The three-digit code Typ.1 numbers relevant to SEBs 1970 -1979 are :

The non-Beetle typ.1 models for sake of completeness:

“M” Options and “S” packs

The specification (or recipe) to manufacture every Beetle was drawn up by taking it’s three-digit Typ code and adding an engine option, other specific “M” options, paint colour code and interior upholstery code.

This was either decided at the factory or as ordered by a customer. Customers could be as big as national importers, private and commercial organisations and military and public organisations (such as the Deutsche Bundespost) …. or as small as a personal order from a private individual through a Volkswagen dealerships sales department.

Constraints dictated the parameter’s within which an order could be placed. These included national legislative requirements for type approval of a receiving market and constraints imposed by the Volkswagen organisation.
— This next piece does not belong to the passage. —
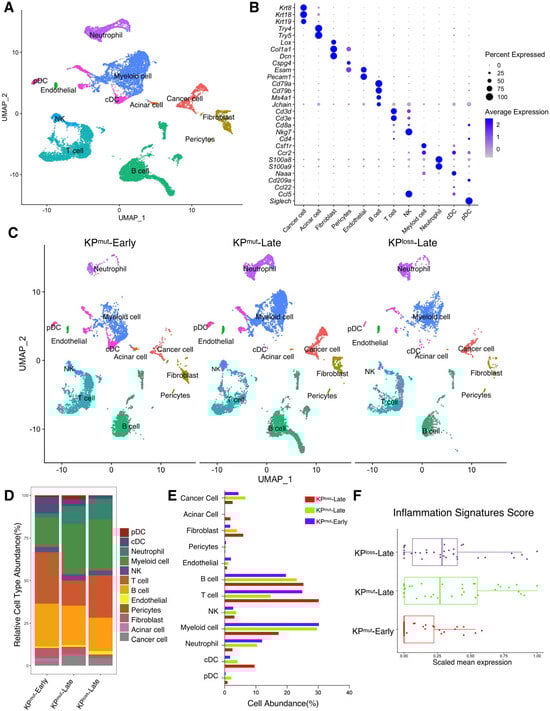 First, we included our recently published single-cell RNA-sequencing (scRNA-seq) datasets [,] to compare two mouse models with autochthonous pancreatic ductal adenocarcinoma (PDAC): the KPmut (KrasG12D; Trp53R172H) mouse model with KRASG12D mutation and p53R172H mutation, as compared to the KPloss (KrasG12D; Trp53cKO) mouse model with KRASG12D mutation and p53 loss (Figure 1A,B). We then compared the primary tumors across various cell types from early-stage KPC mice (KPmut-Early), late-stage KPC mice (KPmut-Late), and late-stage KPPF mice (KPloss-Late) (Figure 1C). Our analysis revealed significant differences in the composition of major cell populations between the KPmut-Early, KPmut-Late, and KPloss-Late (Figure 1D,E). As PDAC progressed in the contexts of different p53 alterations, the composition of cancer cell subpopulations significantly altered. Notably, a unique cancer cell subtype was present in the tumors of KPmut-Late mice but not KPloss-Late mice (Figure 1C). Cell number and phenotype alterations in neutrophils, fibroblasts, and other cell types were also observed (Figure 1C–E). T and B cell numbers were relatively high in KPmut-Early tumors and significantly decreased in KPmut-Late and KPloss-Late tumors (Figure 1D,E). Myeloid cell numbers in KPmut-Late and KPloss-Late were far beyond the KPmut-Early (Figure 1D,E). These results indicate that decreased lymphocyte number and increased myeloid cell number are associated with late-stage PDAC regardless of p53 alteration subtypes. Additionally, we utilized a recently reported methodology of analyzing the inflammation-related signals [] and observed a significant increase in inflammation scores in KPmut-Late and KPloss-Late samples (Figure 1F), indicating the enrichment of inflammation-related signals in late-stage tumors but not in early-stage tumors.

UK customers for example were offered a much more restricted range of model, colour and equipment options compared with customers in Germany and other mainland European countries.

Many of the “M” pack items that were mandatory fittings for the US and Canadian markets appeared as optional factory orderable options in Europe as is very fully illustrated by comparing the 1972 model year brochures printed for the European markets with ones printed in the USA and Canada. Many of the standard equipment items found on an early 1970’s US or Canadian Beetle (such as a padded dashboard) could be seen as order-able optional extras in the European Beetle brochures.
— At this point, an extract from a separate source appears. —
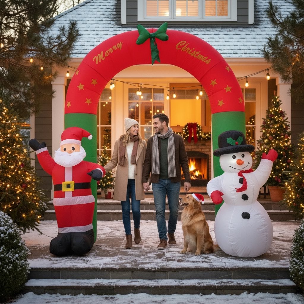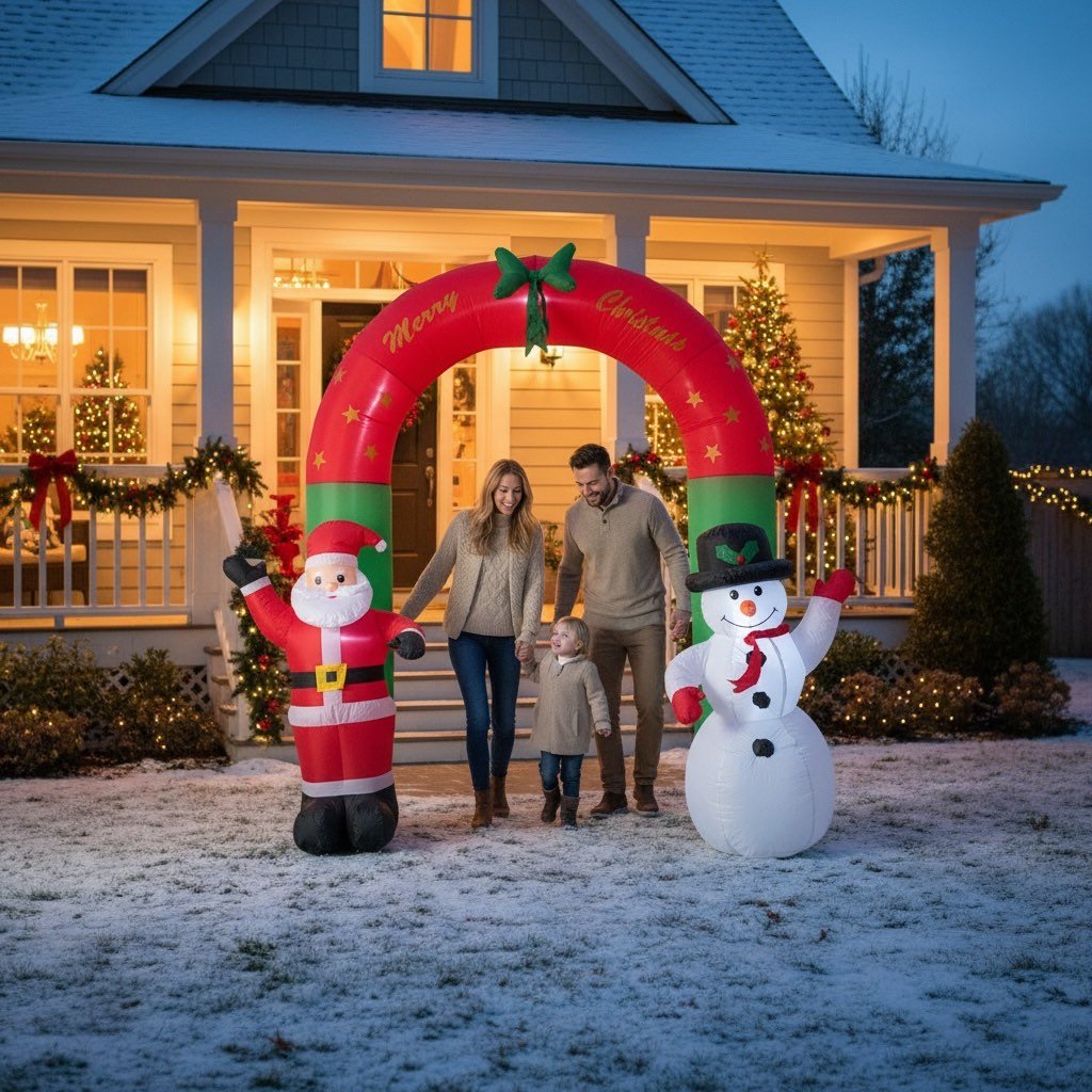 • Bramka 240 cm – duża, imponująca brama z napisem Merry Christmas, Mikołajem i Bałwanem, idealna do ustawienia przy wejściu do domu lub ogrodu.

A further list existed – the “S” (Sonder) packages.

These were a series of “S” prefixed three-digit code numbers that defined a preset combination of chassis Type, “M” packs and paint/interior options. Some were tailored for regular specialist customer orders – Polizei vehicles or Deutsche Bundespost vehicles for example.

The “S” list also includes some, but not all, of the SEBs. At it is this point that the complexity of SEB production history becomes clear. Not only are some European SEBs not listed but several other apparently different ‘Editions are given the same code. This whole area is something we cannot yet find finite information about and is therefore still “work in progress”.

One of the reasons for this apparent ambiguity is probably explained by the fact that some SEBs were instigated by Volkswagen AG whilst others it seems were batch orders by national importers.

Of the factory instigated SEBs there were two categories – “Celebratory” and “Sales Campaign”. In reality the former category also became fulfilled the the second category as well. We suspect that these Volkswagen AG instigated models are the ones that appear on the “S” list. Research on the subject is further frustrated by some “S” models being given an identity in the factory list that does not appear as the identity under which it was marketed – and vice versa.

What is clear though is that the height of Volkswagen’s organisational turmoil and need to promote Beetle sales between 1973 – 1975 was also the most complex period of SEB production. In particular the Jeans Beetle and Big Beetle models that both appear on the “S” list were not only each manufactured in various plants around Europe and each sold in various markets. But they also both came with differing detail specifications from the “M” options lists dictated by the legal requirements of those individual national market’s yet whilst still conforming, overall, to the basic, prescribed “Sonder” package.